Cytori (CYTX) Interim Data from the pre-specified partial un-blinding of 24 week follow up data from the P2 Osteoarthritis ACT-OA trial

February 8, 2016 7:56am

Data suggest beneficial effect of ECCO-50 for knee osteoarthritis: full data set expected Q3 2016

The who, what and purpose of the interim 24 week partial un-blinding in this trial is to provide early data that will facilitate key regulatory and business development discussions and provide a better understanding of the therapeutic mechanism of action that may impact other clinical programs.

It is still about the impact of the news to the share pricing and ... capitalization.

CYTX announced today the top-line data as part of the pre-specified partial un-blinding of 24 week follow up data from the company’s ACT-OA trial.

The trial is a U.S. P2 randomized, double-blind, placebo controlled trial designed to evaluate the safety and feasibility at 48 weeks of a single intra-articular knee injection of the ECCO-50 cellular therapeutic in patients with chronic knee pain due to osteoarthritis.

The interim analysis pre-specifies the evaluation of a number of patient reported outcomes important in patients with osteoarthritis of the knee. A total of 94 patients were treated in the trial (30 received a low dose of ECCO-50 [20 million cells], 31 received a high dose of ECCO-50 [40 million cells] and 33 received placebo). Patients, providers and Cytori personnel remain blinded to individual patient treatment allocation and patient subgroup outcomes.

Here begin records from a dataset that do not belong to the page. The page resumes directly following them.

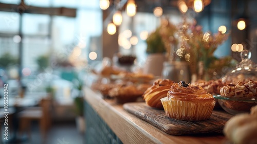 Fresh pastries on display case with cafe interior blurred background
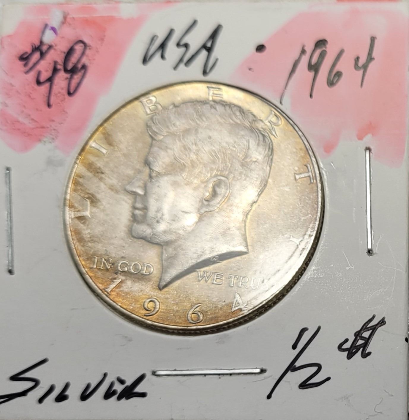 19) USA 1964 KENNEDY 1/2 DOLLAR COIN, 90% SILVER.
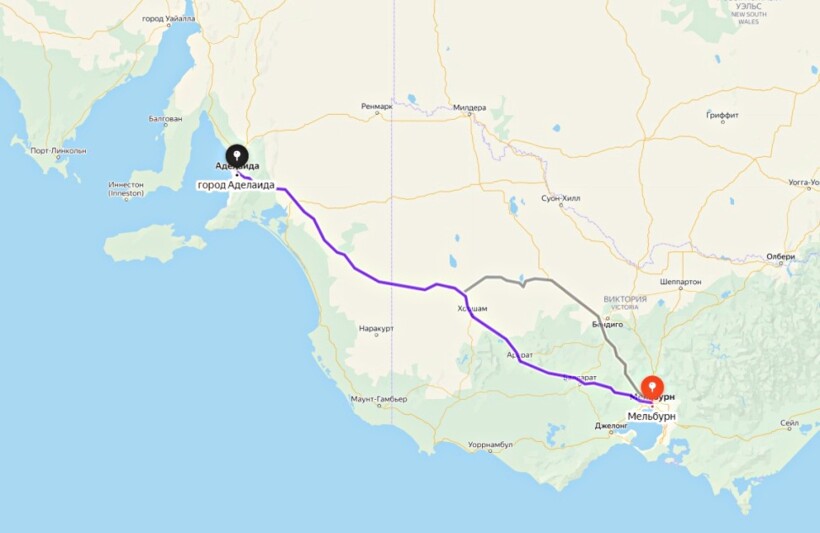 Так, маршрут Мельбурн — Аделаида (длиной 720 километров) автобус компании Greyhound проходит за 10 часов 15 минут, билеты стоят 59–65 AUD (3126–3444 ₽).
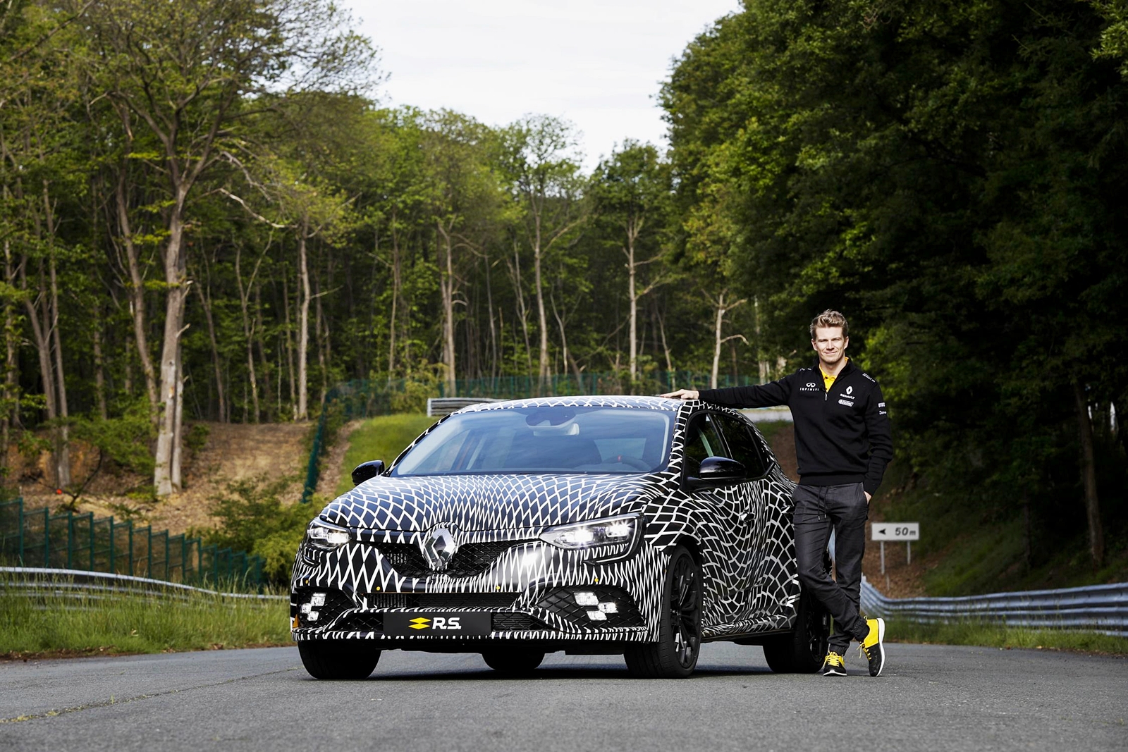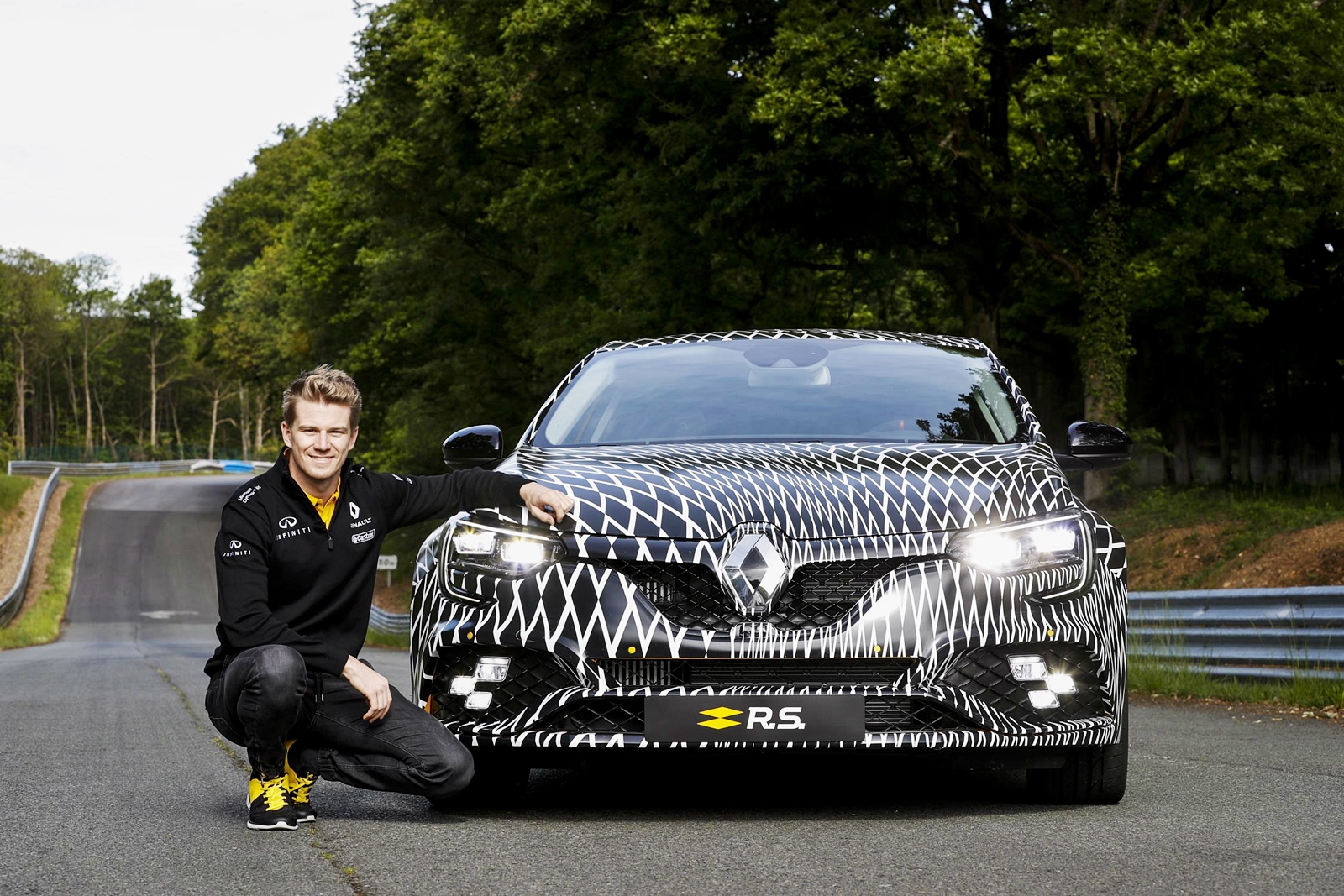 Mégane Renault Sport dipandu Hülkenberg masih lagi dalam mod penyamaran kerana hanya akan didedahkan sepenuhnya pada Pameran Motor Frankfurt 2017 pada September nanti. Renault Mégane R.S. dijadualkan dijual di pasaran pada 2018.

The Bottom Line:  The primary goal of the ACT-OA trial is to help determine: (1) safety and feasibility of ECCO-50 for osteoarthritis (2) provide dosing guidance and (3) explore key trial endpoints useful for a P3 trial.

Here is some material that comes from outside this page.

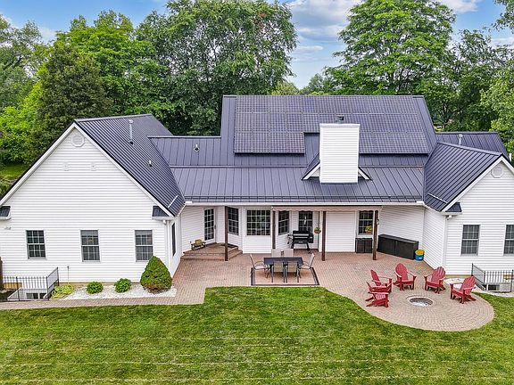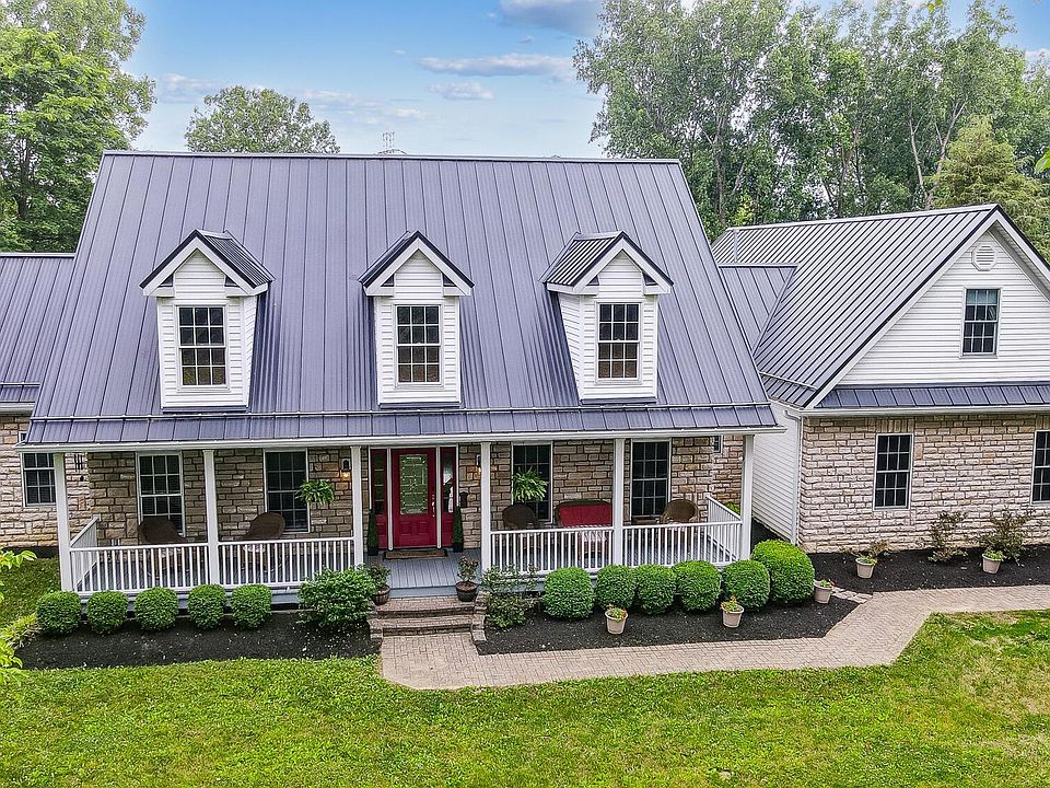 Beautiful cape cod home on 2.5 acres in Olentangy schools just minutes from Alum Creek. Enjoy the picturesque setting with the stream in the front yard and stocked pond. First floor and finished attic space gives 3325 SF with an additional 2000 SF in the finished basement. Five bedrooms complete with 1st floor master AND mother-in-law suite. Finished basement includes a bedroom, full bath, theater area and FULL KITCHEN complete with all appliances and dining area. Floor plan is perfect for MULTI-GENERATIONAL LIVING. Free standing garage holds 4-5 cars with a finished 800 SF loft space. Home has 66 solar panels which holds income potential. Peaceful backyard setting with covered porch, paver patio and fire pit. So much thought and care has been put into this home with so many updates!
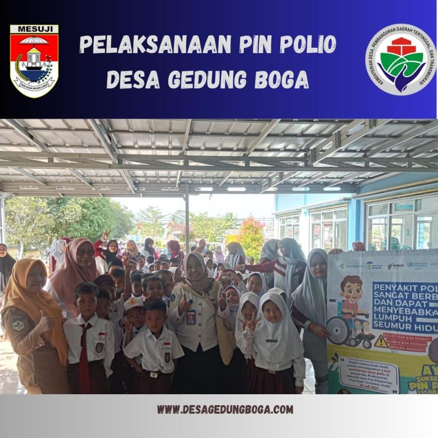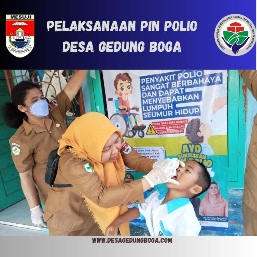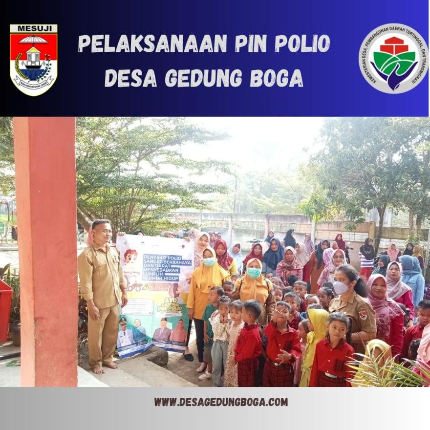 PIN Polio dilaksanakan dibeberapa tempat yaitu,Disekolah TK maupun SD yang bertempat di desa Gedung Boga dan dikantor balai Desa Gedung Boga

An important point, the proof of concept trial, ACT-OA was not sized or powered for statistical significance in any of the endpoints.

Key endpoints and trends observed thus far suggest that a beneficial effect may be attributable to a single intra-articular administration of ECCO-50 in patients with osteoarthritis of the knee.

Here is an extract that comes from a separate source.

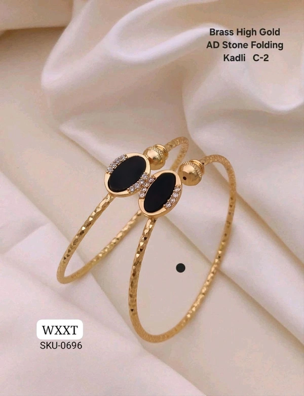 This stylish kadli features a classic oval black stone design, surrounded by premium AD crystals, giving it a rich and sophisticated appeal.
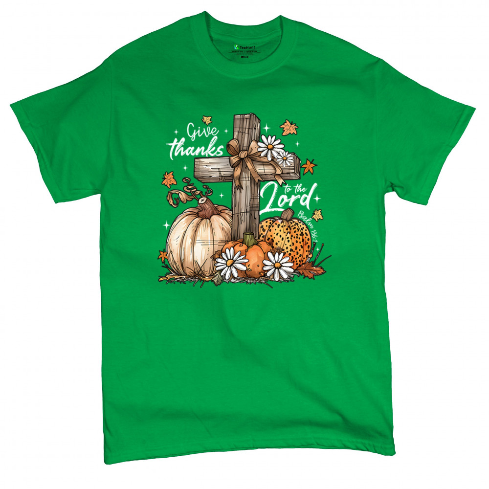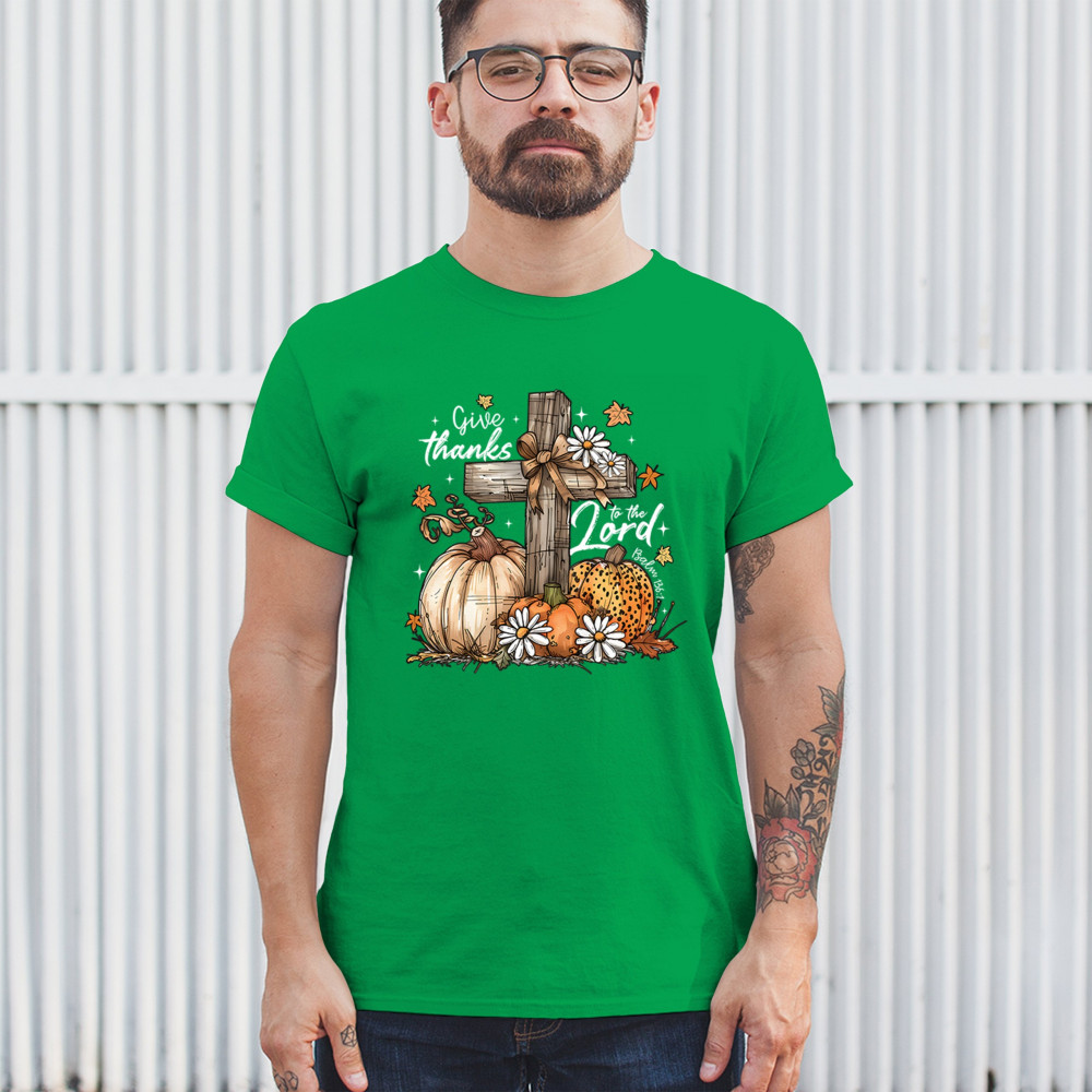Thanksgiving design with pumpkins, daisies, and rustic cross. Perfect for Turkey Day, faithful family gatherings, and fall festival blessings.

In summary, patterns of response are suggestive of a beneficial effect attributable to a single intra-articular administration of ECCO-50 in patients with osteoarthritis of the knee. The full 48 week data are expected to be available for review during Q3/16, which will more fully inform further development decisions, including P3 trial design, cell dose, administration protocol, inclusion/exclusion criteria, selection of primary and secondary endpoints and sample size.

CYTX closed at $0.18. Another great news positive generating a BUY ranking but, will it be dissipated by the low and lower share pricing. A reverse is needed to validate any upward spiral from news such as this.